Input material Start Marker

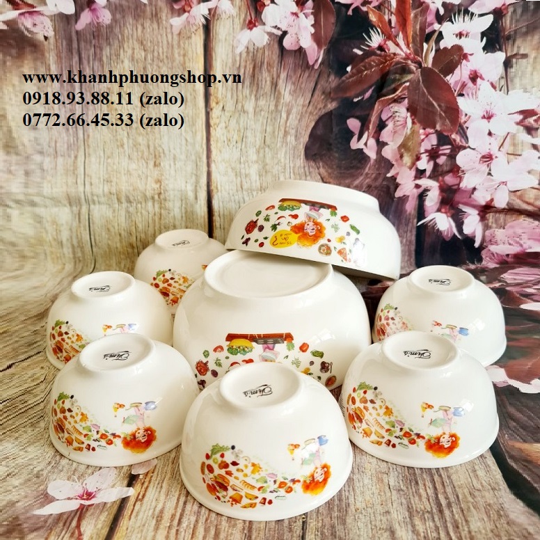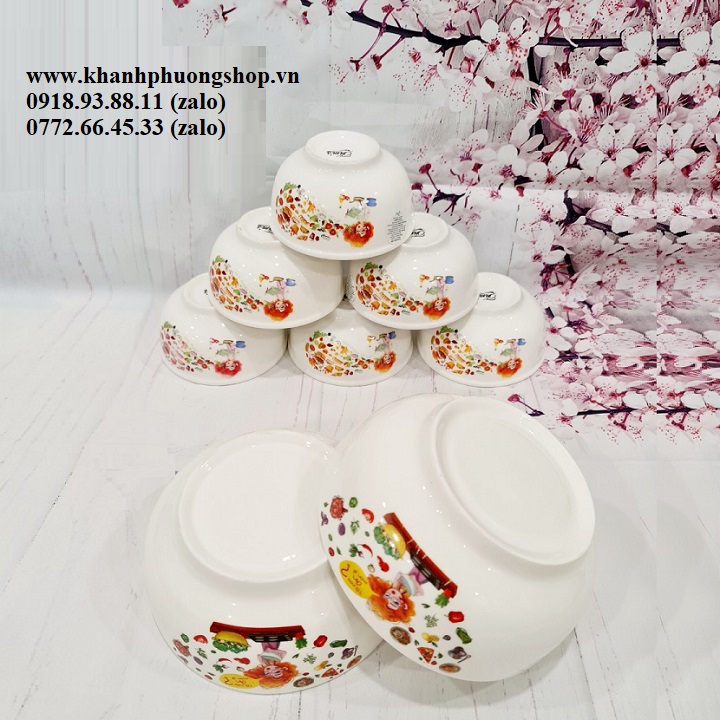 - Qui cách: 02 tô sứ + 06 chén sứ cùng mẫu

Input material End Marker
Input material Start Marker

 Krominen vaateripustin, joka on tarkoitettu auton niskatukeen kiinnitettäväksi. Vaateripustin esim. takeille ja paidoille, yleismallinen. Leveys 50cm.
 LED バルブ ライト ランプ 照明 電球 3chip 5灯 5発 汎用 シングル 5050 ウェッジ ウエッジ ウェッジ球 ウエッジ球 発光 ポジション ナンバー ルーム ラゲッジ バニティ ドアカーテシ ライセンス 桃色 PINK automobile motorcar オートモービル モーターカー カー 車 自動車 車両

Input material End Marker

Extract from the records above the lines from the one containing "Krominen vaateripustin, joka" to the one containing "LED バルブ ライト", both lines included, exactly as they appear and with nothing else.

The completed task:
 Krominen vaateripustin, joka on tarkoitettu auton niskatukeen kiinnitettäväksi. Vaateripustin esim. takeille ja paidoille, yleismallinen. Leveys 50cm.
 LED バルブ ライト ランプ 照明 電球 3chip 5灯 5発 汎用 シングル 5050 ウェッジ ウエッジ ウェッジ球 ウエッジ球 発光 ポジション ナンバー ルーム ラゲッジ バニティ ドアカーテシ ライセンス 桃色 PINK automobile motorcar オートモービル モーターカー カー 車 自動車 車両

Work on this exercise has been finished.